Section 7.02Rights of Trustee.
(a)The Trustee may conclusively rely upon any document believed by it to be genuine and to have been signed or presented by the proper Person. The Trustee need not investigate any fact or matter stated in the document, but the Trustee, in its discretion, may make such further inquiry or investigation into such facts or matters as it may see fit, and, if the Trustee shall determine in good faith to make such further inquiry or investigation, it shall be entitled to examine the books, records and premises of the Company, personally or by agent or attorney at the sole cost of the Company and shall incur no liability or additional liability of any kind by reason of such inquiry or investigation.

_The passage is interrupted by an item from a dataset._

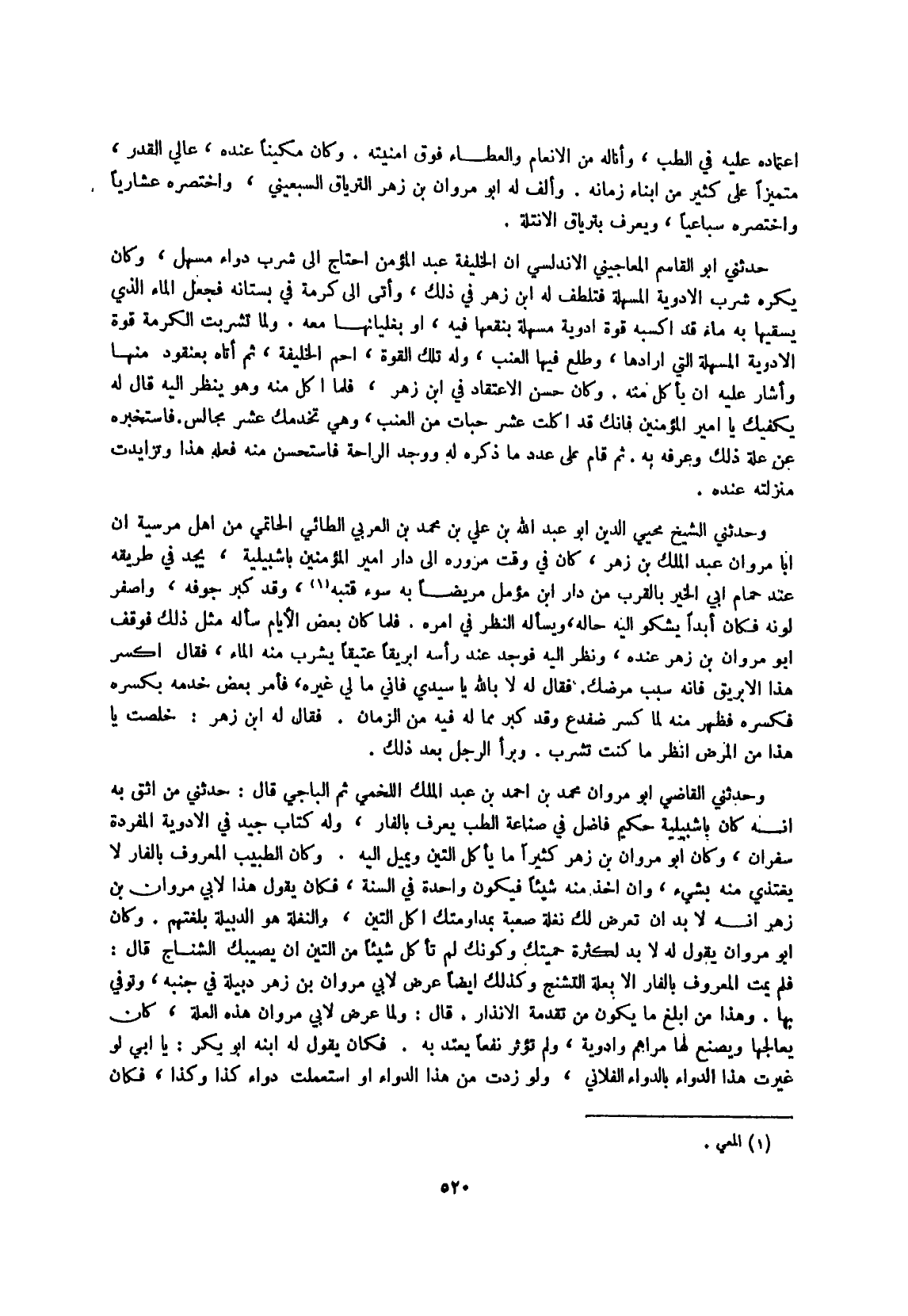 حَدثنِي أَبُو الْقَاسِم المعاجيني الأندلسي أَن الْخَلِيفَة عبد الْمُؤمن احْتَاجَ إِلَى شرب دَوَاء مسهل وَكَانَ يكره شرب الْأَدْوِيَة المسهلة فتلطف لَهُ ابْن زهر فِي ذَلِك وأتى إِلَى كرمة فِي بستانه فَجعل المَاء الَّذِي يسقيها بِهِ مَاء قد أكسبه قُوَّة أدوية مسهلة بنقعها فِيهِ أَو بغليانها مَعَه

(b)Before the Trustee acts or refrains from acting, it may require an Officer’s Certificate or an Opinion of Counsel or both subject to the other provisions of this Indenture. The Trustee shall not be liable for any action it takes or omits to take in good faith in reliance on such Officer’s Certificate or Opinion of Counsel. The Trustee may consult with counsel of its selection and the advice of such counsel or any Opinion of Counsel shall be full and complete authorization and protection from liability in respect of any action taken, suffered or omitted by it hereunder in good faith and in reliance thereon.
(c)The Trustee may act through its attorneys and agents and shall not be responsible for the misconduct or negligence of any agent or attorney appointed with due care.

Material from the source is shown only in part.